Welcome to Case 2 in our Radiology Into Action series – designed to help medical students and resident doctors approach common acute presentations encountered whilst on-call, with a focus on practical radiology interpretation and clinical decision-making. New cases are released regularly, so check back as the series continues to grow.

If you missed Case 1, you can find it here.

Radiology Into Action: Case 2

Imagine yourself as an F1 doctor covering the medical wards overnight in a busy tertiary hospital.
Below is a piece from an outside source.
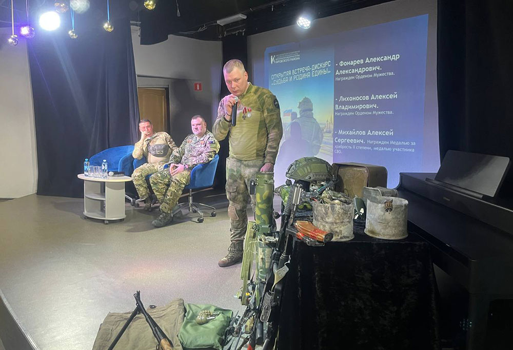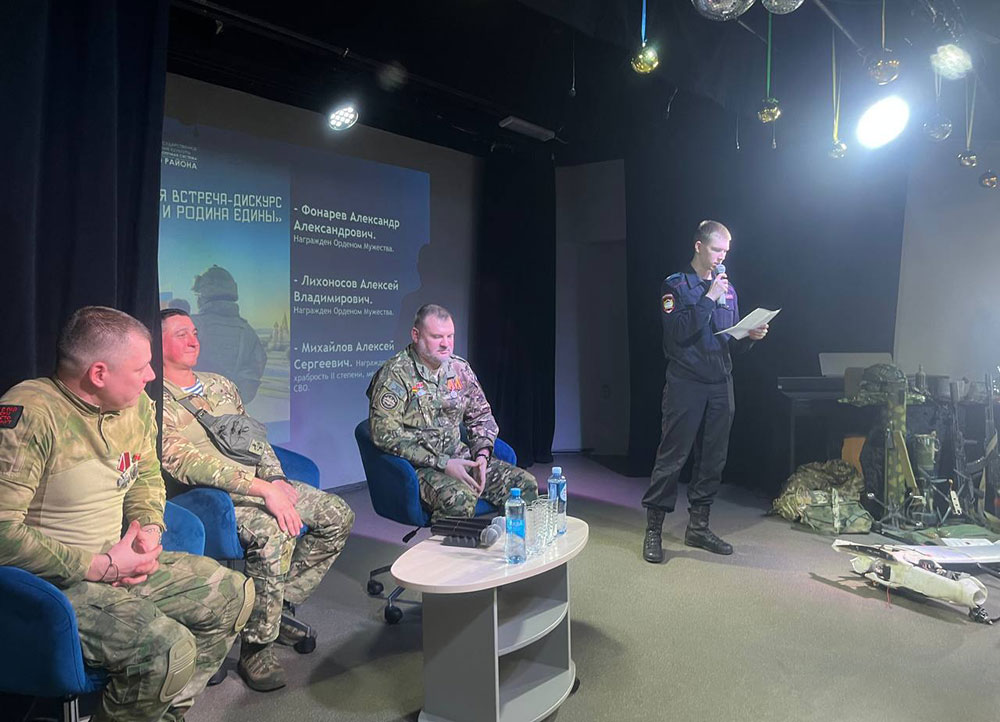 Центральной частью вечера стали выступления непосредственных участников СВО. Своими историями поделились ветераны спецоперации: Александр Александрович Фонарев (кавалер Ордена Мужества), Алексей Владимирович Лихоносов (кавалер Ордена Мужества) и Алексей Сергеевич Михайлов (награжденный Медалью за храбрость II степени).

You are bleeped by the nursing team to review a chest x-ray for a middle-aged man who presents with worsening breathlessness (worse when lying flat) and leg swelling.

What do you do?

Step 1: Interpret

In this PA chest x-ray we can see:

  • Blunting of costophrenic angles bilaterally indicating bilateral pleural effusions. Classically, in heart failure there is more fluid accumulation in the right lung base.
  • Cardiothoracic ratio > 0.5 indicating cardiomegaly
  • Prominent upper lobe vessels due to pulmonary venous hypertension secondary to raised left atrial pressure

Other expected signs in congestive heart failure include: alveolar oedema (presenting as ‘bat-wing opacities’ in the perihilar region) and kerley B lines (peripheral horizontal lines due to thickened interlobular septa).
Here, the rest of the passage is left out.